You can make a SQL cell downstream dependent of a SQL cell as long as the upstream SQL cell includes a SELECT statement. To do so, reference the name of the SQL cell in your SQL cell using double curly braces, also known as jinja templating.

The following cell is downstream of a SQL cell named my_table.

select * from {{my_table}} -- my_table is another SQL cell

Use the results of a SQL cell in a Python cell

You can make a Python cell downstream dependent of a SQL cell as long as the SQL cell includes a SELECT statement. To do so, create a variable in the Python cell that points to the name of the SQL cell. SQL tables are automatically converted to pandas DataFrames for use in Python cells.

The following Python cell is downstream of a SQL cell named my_sql_cell.

df = my_sql_cell # my_sql_cell is a SQL cell which gets converted to a pandas DataFrame by default
df['col_a'] = df['col_a'] + 1
return df

Use the results of a Python cell in a SQL cell

You can make a SQL cell downstream dependent of a Python cell as long as the Python cell returns a pandas DataFrame. To do so, reference the name of the Python cell in your SQL cell using double curly braces, also known as jinja templating. Pandas DataFrames are automatically converted to SQL tables for use in SQL cells.

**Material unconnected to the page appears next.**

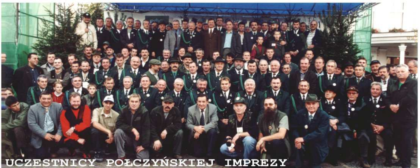
UCZESTNICY POŁCZYŃSKIEJ IMPREZY

The following SQL cell is downstream of a Python cell named my_dataframe.

select * from {{my_dataframe}} -- my_dataframe is a Python cell
where col_a > 10

Step 9: Run your pipeline

Now that you've completed your pipeline, click Run in the top right corner of your pipeline editing window to run it from beginning to end. Cells are executed in order based on their dependencies. During the run, the Pipeline page shows which cells have been executed and which are still pending.

Run Pipeline

Step 10: Schedule your pipeline

After you've verified that your pipeline is working, you can schedule it to run regularly.

  1. To set your pipeline's schedule, click Schedule.

    Schedule Pipeline

  2. Manually enter a cron string, or click EDIT to open the cron builder, which is a simple UI for setting a cron schedule.

  3. Make your selections and close the cron builder, the Astro Cloud IDE loads a newly generated cron schedule.

  4. Click Update Settings to save your changes.

Configuring your pipeline's schedule will not automatically run it on a scheduled basis. You must deploy your pipeline for it to run. See Deploy a project for setup steps.